The sobriquet ‘Whiz’ was created by the pressmen in spring training in 1950 (p215) to reflect on the fast finish the Phillies had made in 1949 and the very successful spring training they had. (Wherein Roberts struck out Ted Williams in an exhibition game with a slow curve. For the record, Williams had his revenge in the next at bat, hitting a home run off Roberts). The nickname might also have been inspired by the popular radio program of the day, ‘The Quiz Kids,’ who answered all manner of trivia questions. However, the Phillies’ roster was not appreciably younger or smarter (see the reference to a lawn mower above) than those of other teams. Subsequently, it had another application to refer to how fast the Phillies faded from NL pennant contention in the following years.

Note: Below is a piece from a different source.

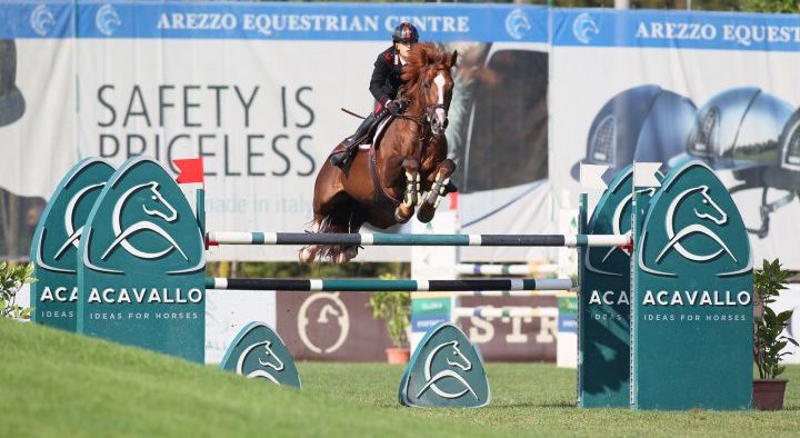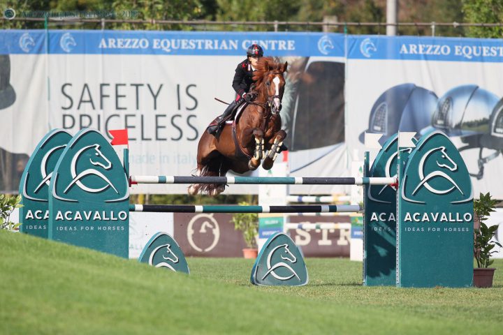 Il carabiniere scelto Filippo Bologni rientra dall’Equestrian Tour / CSI2*, organizzato presso gli impianti dell’Arezzo Equestrian Centre, con ben due podi meritati nelle categorie maggiori di questo weekend in sella al suo stallone sauro Quidich de la Chavee. Il binomio ha fatto sua oggi, domenica 2 settembre, la Piazza d’Onore nel Grand Prix con ostacoli ad h 1,45 mt Longines Ranking Class (0/4; 52″:20), gara maggiore dell’internazionale aretino – che ha visto solo 3 binomi con zero penalità nel percorso base tra i 42 partecipanti accedere al barrage: oltre a Bologni/Quidich, Antonio Maria Garofalo in sella a Hope van de Horthoeve (0/0; 47″:10), cui è andata la vittoria della gara, e Roberto Turchetto in sella ad Adare (0/18; 64″:39), in terza posizione, a chiusura di un bellissimo podio tutto azzurro in questa competizione internazionale. Classifica: clicca qui

Partly thanks to the efforts of James Michener and others, Robin Roberts was inducted into baseball’s Vahalla at Cooperstown with a career record of W 286-L 245 with 305 complete games. At one point he pitched 28 straight complete games, five of them had extra innings. Because the Phillies barely averaged 2 runs a game in his tenure, Roberts, one member of the nerd kingdom estimates, lost more than 50 games by one run. In that World Series he pitched 11 earned runs scoreless innings in two games, and yet lost one because of an error. Like many others, he found it hard to quit and hung on MLB for 18 years.